Henry Fielding was born at Sharpham in Glastonbury in Somerset in 1707 as the son of an army
lieutenant and a judge's daughter. Fielding was born at Sharpham and was educated at Eton College, He
was educated at Eton School, where he established a lifelong friendship with William Pitt the Elder - the
famous British Whig statesman who led Britain during the Seven Years' War. After a romantic episode
with a young woman that ended in his getting into trouble with the law, he went to London where his
literary career began.
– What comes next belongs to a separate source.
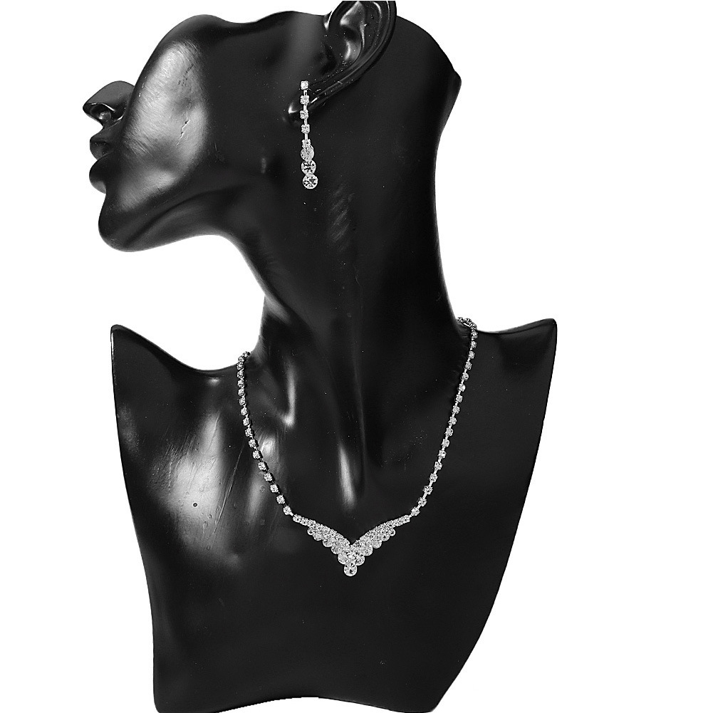 مجموعة مجوهرات العروس الكورية لعام 2021 من حجر الراين اللامع على شكل حرف V مجوهرات العروس الماسية الكاملة مكونة من قطعتين قلادة للنساء

In 1728, he travelled to Leiden to study classics and law at the University. However,
due to lack of money, he was obliged to return to London and he began writing a series of farces, operas
and light comedies for the theatre, some of his work being savagely critical of the contemporary
government.
"To say the truth, every physician almost hath his favourite disease" The History of Tom Jones (Henry
Fielding, 1749)
In London, Fielding formed his own company and was running the Little Theatre, Haymarket, when one
of his satirical plays began to upset the government. The passing of the Theatrical Licensing Act in 1737
effectively ended Fielding's career as a playwright. He retired from the theatre and resumed his career in
law and, in order to support his wife Charlotte Cradock and two children, he became a barrister. His lack
of financial sense meant that he and his family often endured periods of poverty. But, Fielding never
stopped writing. In 1739, he turned to journalism and became editor of The Champion. Almost by
accident, in anger at the success of Samuel Richardson's novel Pamela, or Virtue Rewarded, Fielding took
to writing novels in 1741. His is first major success was Shamela, an anonymous parody of Richardson's
original melodramatic novel. He immediately published The Adventures of Joseph Andrews in 1742, an
original work supposedly dealing with Pamela's brother, Joseph. Although he begun to write the novel
also as a parody, this work developed into an accomplished novel in its own right and is considered to
mark Fielding's debut as a serious novelist. His greatest work however was The History of Tom Jones
published in 1749 to public acclaim, a meticulously constructed picaresque novel telling the convoluted
and hilarious tale of how a foundling came into a fortune. Critics agree that it is one of the greatest comic
novels in the English language.
In 1748, Henry Fielding was made a justice of the peace for Westminster and Middlesex. He campaigned
against legal corruption and helped his younger half-brother, Sir John Fielding, to establish London's first
police force, the Bow Street Runners. Actually, the brothers are considered two of the best magistrates in
eighteenth-century London, for they did a great deal to enhance the cause of judicial reform and improve
prison conditions. In January 1752, Fielding continued as a journalist and started a biweekly periodical
titled The Covent-Garden Journal, in which he also continued to upset those in power. Throughout his
life, Fielding suffered from poor health and his ardent commitment to the cause of justice as a great
humanitarian coincided with a rapid deterioration in his health. By 1752 he could not move without the
help of crutches because of gout and asthma. In an attempt to overcome his health problems, Henry
Fielding went to live in Portugal for a cure but this was not successful and he died in Lisbon in 1754.
Considering his art, Fielding believed, as did most eighteenth century writers and educated readers, that it
is the purpose of art to create pleasure which is both civilized and civilizing.